Sequential changes in DNA methylation patterns of the rat phosphoenolpyruvate carboxykinase gene during development.

N Benvenisty, D Mencher, O Meyuhas, A Razin, L Reshef
PMCID: PMC397018  PMID: 2578665

Abstract

The cytosolic phosphenolpyruvate carboxykinase [PEPCK; GTP:oxaloacetate carboxy-lyase (transphosphorylating), EC 4.1.1.32] gene was isolated from a rat genomic library, and a map of the methylatable sites C-C-G-G and G-C-G-C has been constructed. The extent of methylation of 18 sites in the PEPCK gene in adult liver, kidney, spleen, and heart muscle and in fetal liver has been analyzed using the 5-methylcytosine sensitive enzymes Hpa II and Hha I. This analysis revealed extensive undermethylation of the PEPCK gene in the adult liver and kidney (PEPCK-expressing tissue), whereas the gene in adult spleen and heart muscle as well as in fetal liver (PEPCK-nonexpressing tissues) was heavily methylated. However, unlike the gene in the adult nonexpressing tissues, a region in the middle of the gene was found to be partially hypomethylated in fetal liver. This hypomethylation correlates with the competence of the fetal liver gene to be expressed. Treatment of fetuses by in utero injection of 5-azacytidine causes a hypomethylation-associated activation of the PEPCK gene.
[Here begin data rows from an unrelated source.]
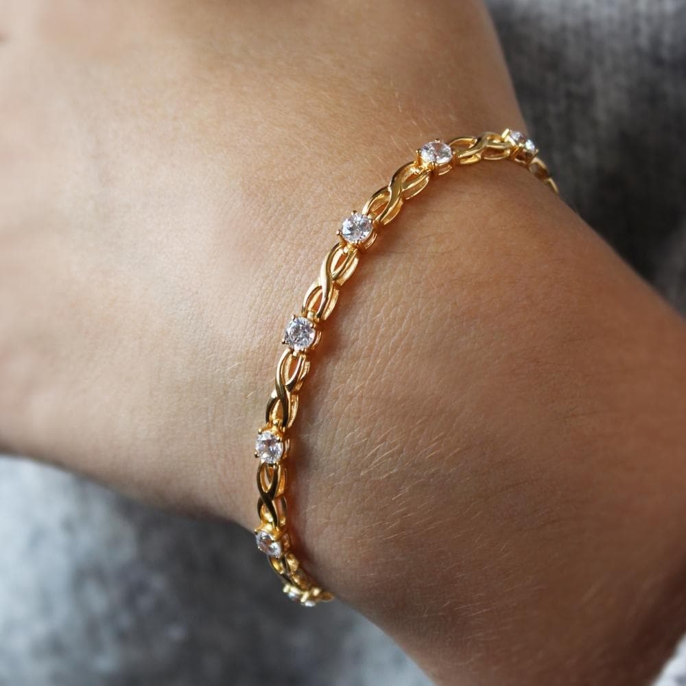 The delicately unique 7-inch chain of the Glowing Links Bracelet glistens with 10 expertly placed Tru-Diamonds™ that style this elegant bracelet beautifully.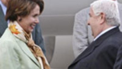 واستقبلت بيلوسي الديمقراطية ووفدها العالي المستوى بحفاوة في مطار دمشق الدولي حيث كان في انتظارها وزير الخارجية وليد المعلم.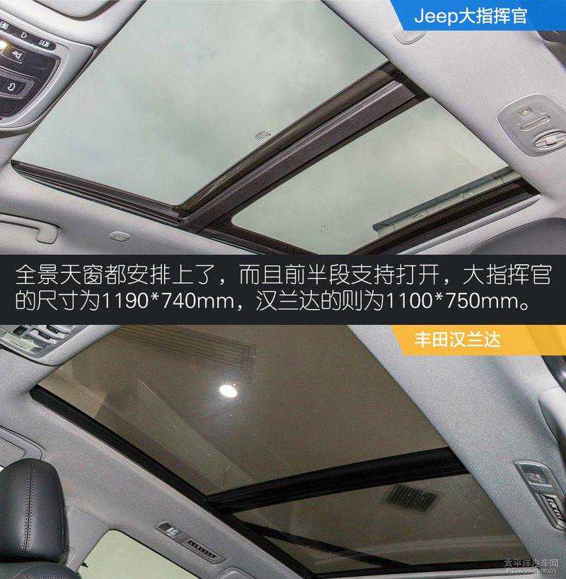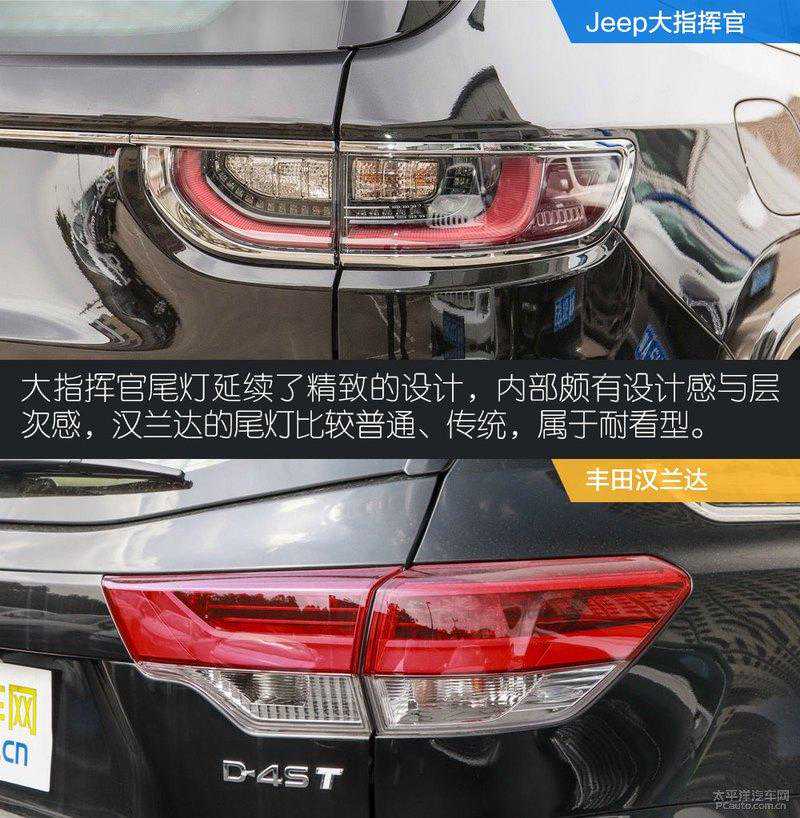 外观小结:两款车型都有各自家族的设计特点,但从外观方面看,大指挥官无疑是拥有更强的设计感,它并没有采用棱角分明的设计,而是利用曲线/面来营造肌肉感和光影效果。汉兰达的造型设计更偏向于耐看、经典,大部分的设计都是为了家用。

Taken together, the present findings suggest a sequential loss of methyl groups during development. When related to PEPCK gene expression, the sequential loss of methyl groups demonstrates an early stage prior to transcription characterized by hypomethylation of discrete sites and a later developmental hypomethylation of all sites associated with the mature active PEPCK gene around the time of birth.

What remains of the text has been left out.